Ad tech has never been terribly comfortable with the data privacy discussion. Neither have the brands. The reason for this awkwardness is twofold. First, it’s natural that technology runs ahead of public policy, and ad tech is all about running forward with technology. Regulation is the natural response to any perceived threat to the consumer, and whether that threat is real or not, brands are the first to cast a wary eye toward the actions of ad tech to make sure they’re not exposed.
Second, the issue of online data privacy has largely been brokered by a few vendors who control the conversation. Those vendors lobby the public with bipartisan themes of job creation and technological advancement to defend themselves, but in reality it’s their leverage over the industry and the brands that makes them essentially invulnerable. Not surprisingly, call after call to ad tech or Congress fails to yield any meaningful regulatory response. But this may not last much longer.
Now it’s personal
The standard that has supported audience targeting online has involved the onboarding of consumers into cookie pools, each pool functioning as a “blind profile” of that intended audience. Audiences are characterized in incredibly specific detail, but they are still promoted as anonymous. But what happens to that claim in a mobile device-driven world? Some forecasts (eMarketer) have mobile surpassing desktop advertising in 2016, so in an ad tech world where cookies are useless, what happens next?
The reality is that the current forms of anonymity won’t survive. The demand for precise audience definitions is pushing us to the doorstep of personalized marketing, with 90 percent of marketers seeing personalized marketing as the future. With that comes a more robust form of audience identification. Most brands already understand this and are actively looking for options.

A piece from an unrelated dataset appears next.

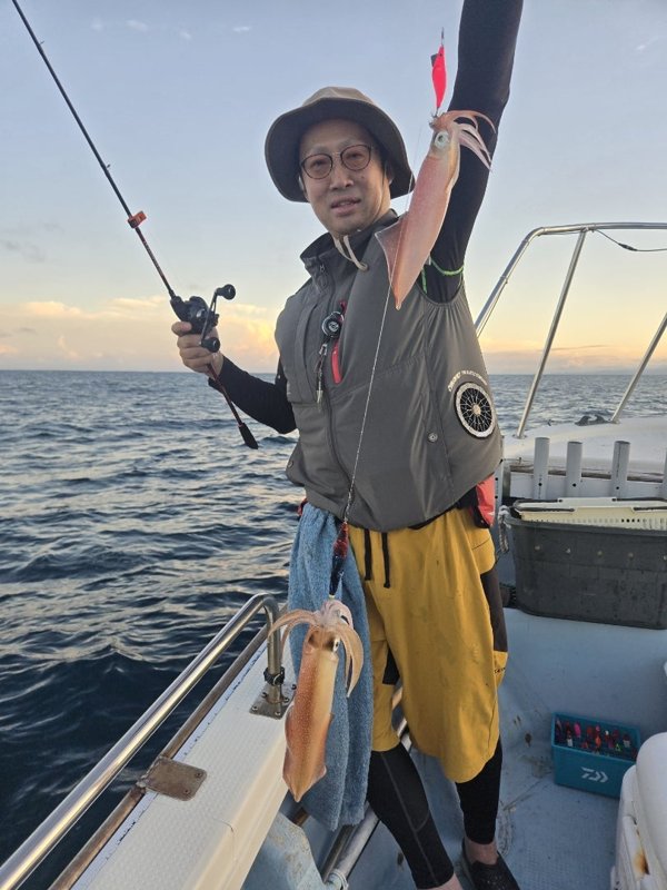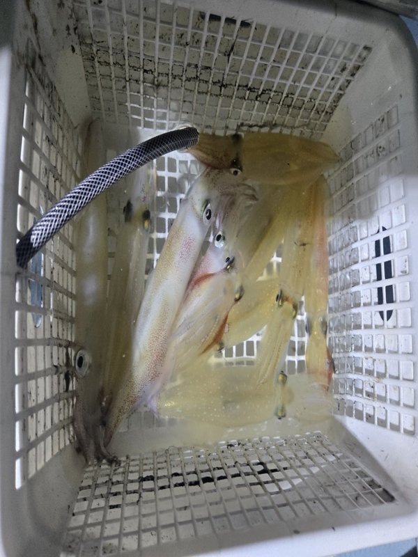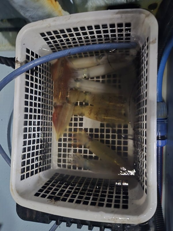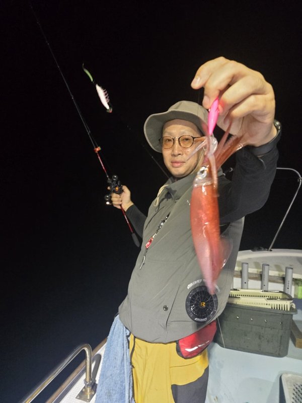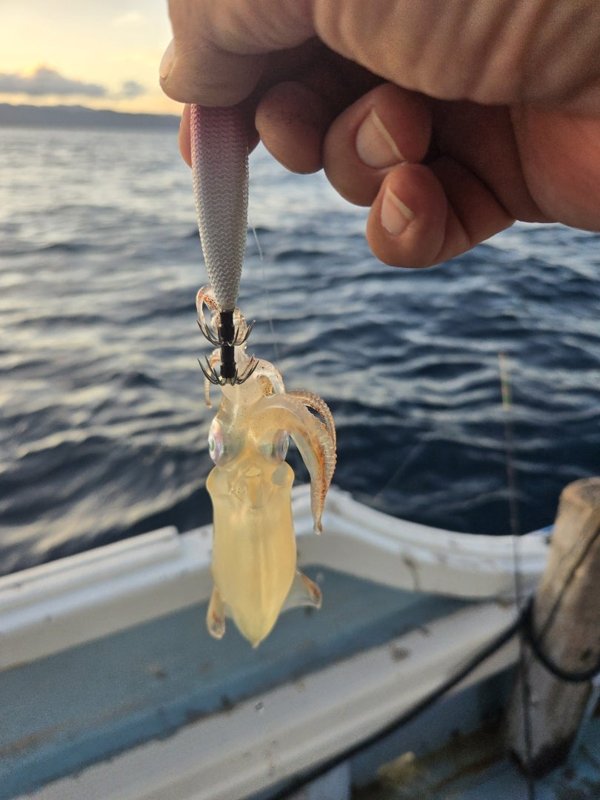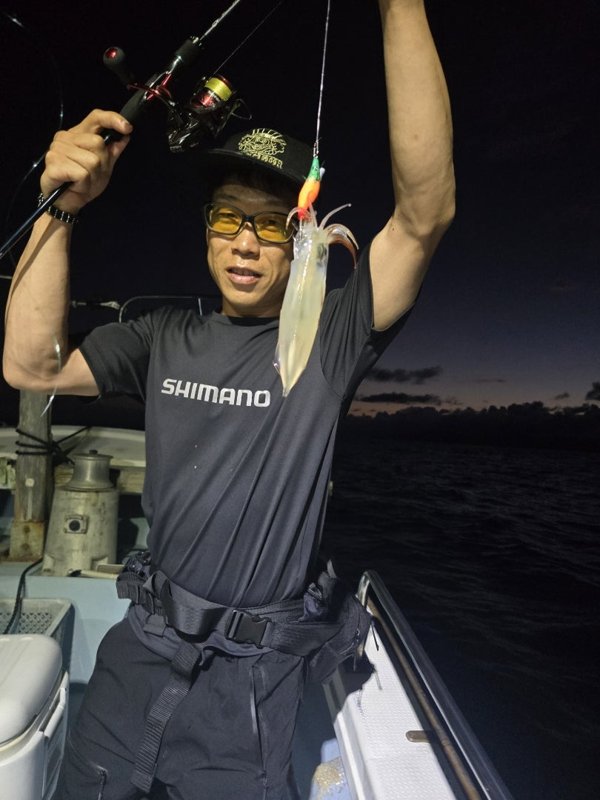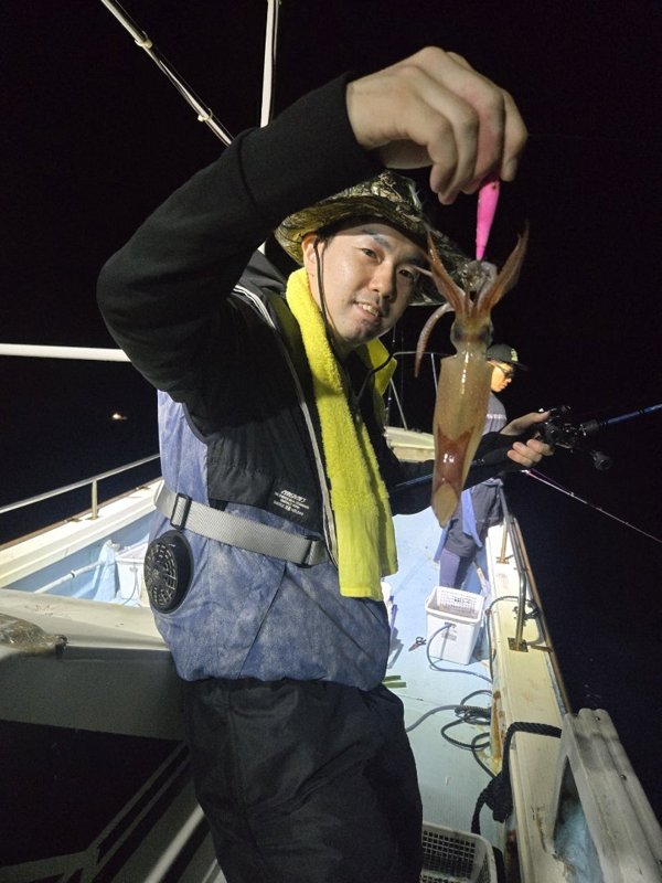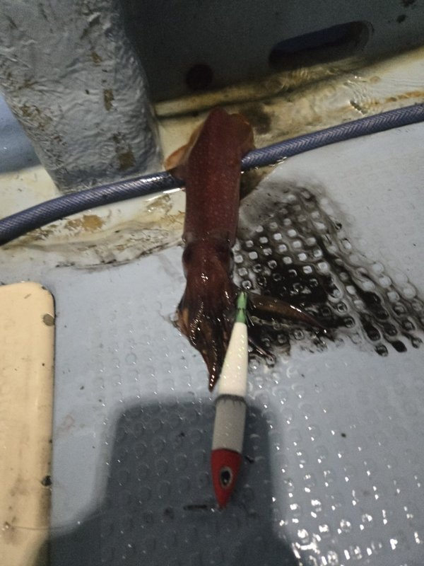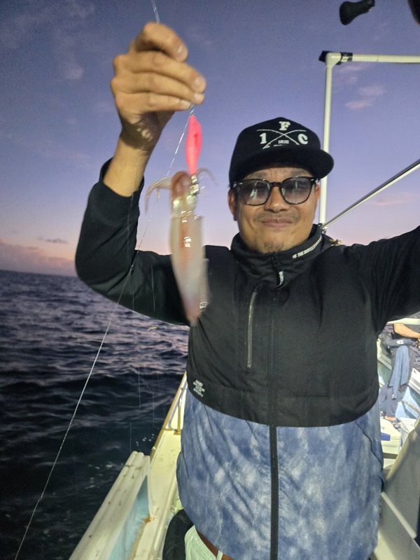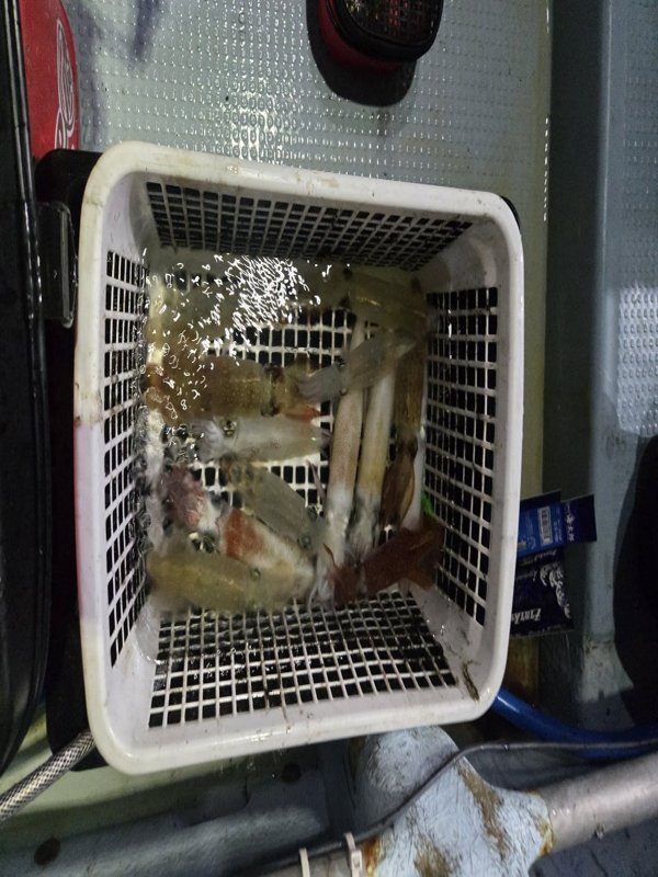 まぁまぁのウネリが。明るいうちは当たらず、暗くなってから。10~18杯。船酔いと眠気と戦って頑張ってくれました。

Privacy 2.0 has failed (so far)
The skepticism around data privacy 2.0 is understandable. A handful of vocal consumers and the FTC and Congress all rail in public forums about privacy intrusions, while the consumer is being offered little more than subscriptions to free online credit monitoring. Most consumers, however, have come to accept the reality that they are being tracked and don’t actually expect total online anonymity. Studies show consumers are more than willing to sacrifice an occasional breadcrumb to data privacy for better services for free. What they would prefer are viable and enforceable regulatory guidelines.
Brands and ad tech should recognize a clear opportunity. A customer’s identity under the brand’s control could offer the preferred access and the defensible privacy position both want. Ad tech could provide the technology to the brands, and the brand could license to only those that it authorizes. By providing this technology, the ad tech industry—once the target of all that is wrong with privacy — could find itself in the enviable position of defending its paying customers: the brands.
Is there still an effective privacy solution beyond the brand?
Absolutely. In fact, many markets today already have frameworks in place to draw on. Because of The Health Insurance Portability and Accountability Act (HIPAA), marketers working in health care have a very clear understanding of where personalization and privacy are likely to conflict. The hospital, doctors, pharma companies, and insurance providers have a permissible purpose to use the information for the good of the patient. There is also a clear framework in place that allows marketers and supporting entities to access summarized trend data to support marketing other products in a privacy-enhanced manner.
The same is true in financial services, where laws like the Fair Credit Reporting Act delineate what is permissible in terms of access to consumer credit ratings.
So the question isn’t whether we can create a modern framework for data privacy that addresses the inevitability of personalization; it already exists. The key is coordinating regulatory guidelines with the brands and then empowering them with technology and data usage framework to manage what is their asset. We should be proactive and adopt a defensible precedent on the privacy issue before regulators come to our doorstep with a plan that is out of our hands.